There are many applications in data processing which require the formation of a product signal. The data processing arts are replete with multiplication circuits and methods which are particularly adaptable for use in various of these contexts. Thus, for example, there are multiplier circuits which are particularly well adapted for performing the multiplication of data signals from each of two serial data streams. In other applications, however, it is necessary to form the product of signals, one of which is presented in a serial data stream and the other of which is presented in parallel form. Such circuits are used in digital filtering, as described, for example, in Jackson et al, "An Approach to the Implementation of Digital Filters," IEEE Transactions on Audio and Electroacoustics, Vol. AU-16, No. 3, September, 1968.
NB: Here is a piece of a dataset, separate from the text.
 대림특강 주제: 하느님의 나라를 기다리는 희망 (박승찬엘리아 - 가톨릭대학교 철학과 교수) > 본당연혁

In general, it has been found convenient in systems including serial adders to represent operands applied to such systems in 2's complement form. However, the properties of 2's complement numbers are such that prior art serial multipliers cannot conveniently process operands in that form. Systems, then, which include both serial adders and serial multipliers, such as digital filters, have been necessarily more complex to permit the multiplication of operands in 2's complement form. It is therefore an object of the present invention to provide a simplified multiplier for processing serial operands in 2's complement form.
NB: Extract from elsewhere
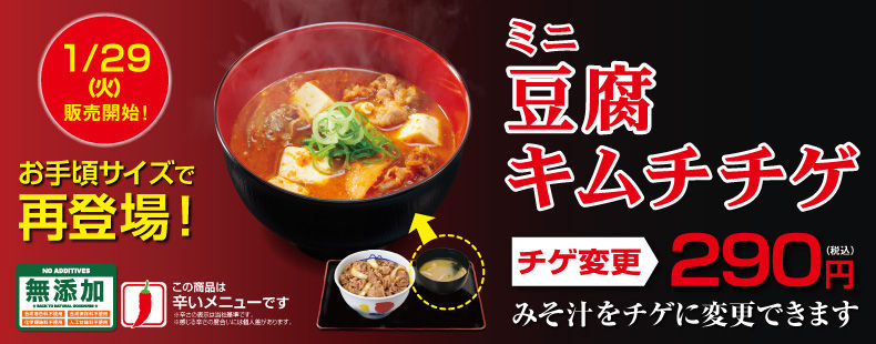 松屋は「ミニ豆腐キムチチゲ」を1月29日15時にスタートします。丼、定食などのみそ汁を追加290円で「ミニ豆腐キムチチゲ」に変えられるというもの。単品での注文も可能。

It is also of concern that serial multipliers of the type considered herein be substantially modular in order to permit their construction by economical batch fabrication techniques. Prior art multipliers for processing serial 2's complement data typically require significant modifications which adversely affect their modularity and, hence, the economics of their manufacture. It is therefore an object of the present invention to provide serial multipliers for processing 2's complement numbers which multipliers are substantially modular.